--- DATA FOR THIS TASK Enclosed Below ---

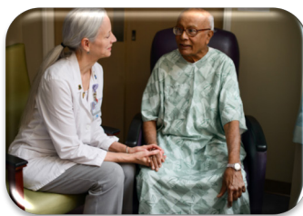
Adults with chronic illness
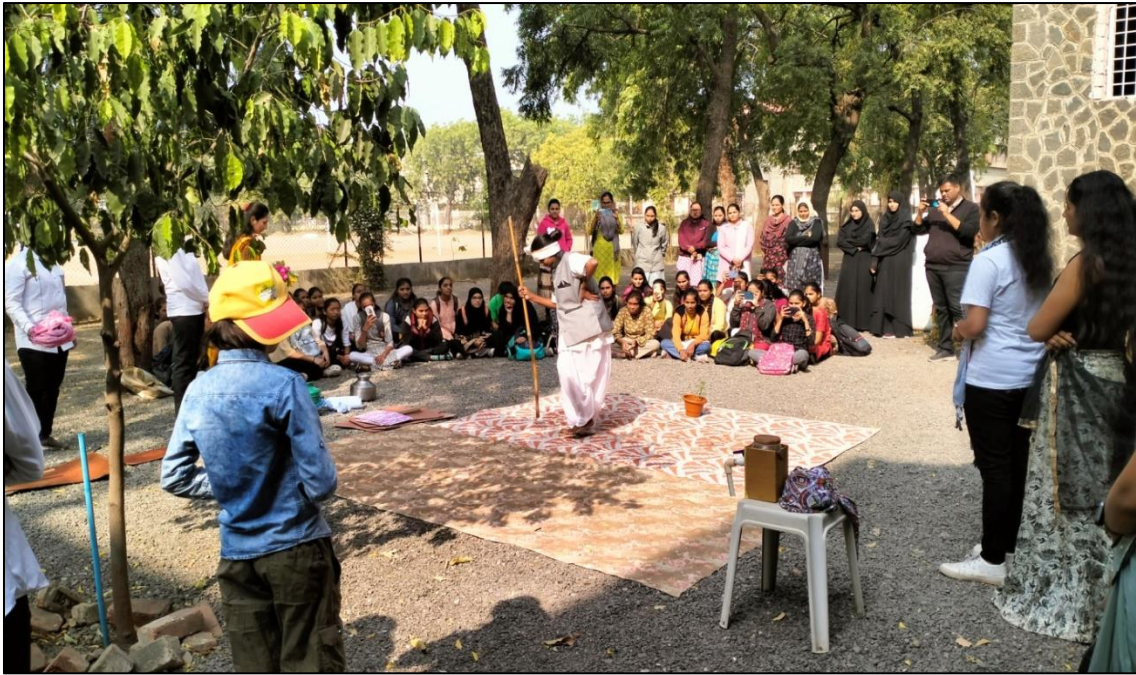
Students performing street play
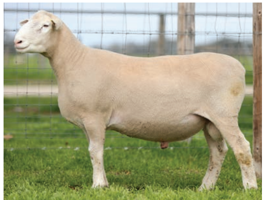
POLL DORSET Lot 36 149 TW
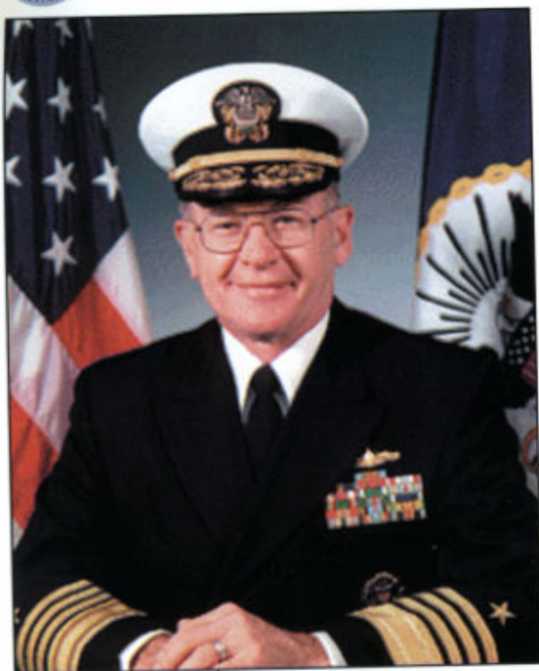
CHIEF OF NAVAL OPERATIONS
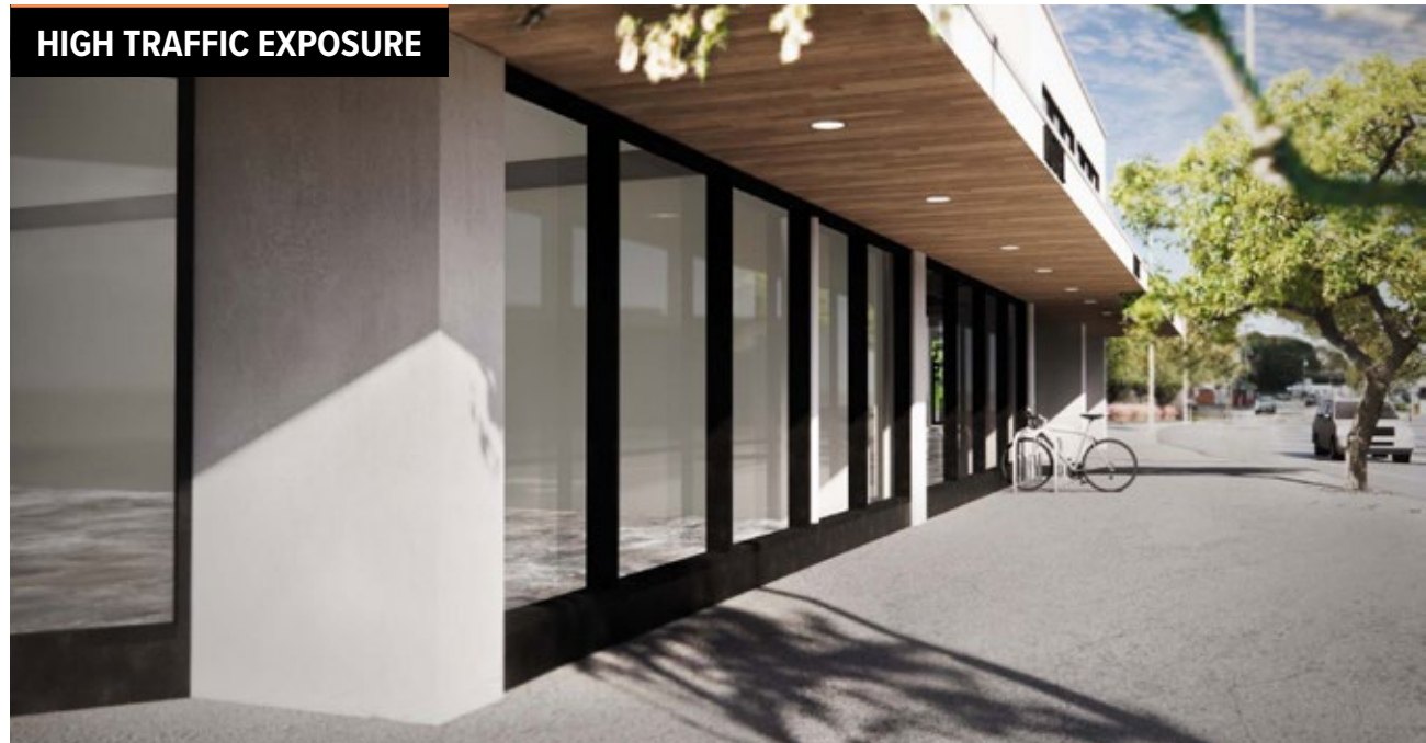
HIGH TRAFFIC EXPOSURE

Formerly known as Nanaimo's a&b sound flagship, the site has been transformed into a mix of commercial and street-front retail that seamlessly blends indoor and outdoor spaces together.

--- End of Enclosed DATA FOR THIS TASK ---

» **TO DO**:
Repeat only the tail of the entries, exactly: the line containing "HIGH TRAFFIC EXPOSURE" and every line after it, to the end.

» **TASK RESULT**:
HIGH TRAFFIC EXPOSURE

Formerly known as Nanaimo's a&b sound flagship, the site has been transformed into a mix of commercial and street-front retail that seamlessly blends indoor and outdoor spaces together.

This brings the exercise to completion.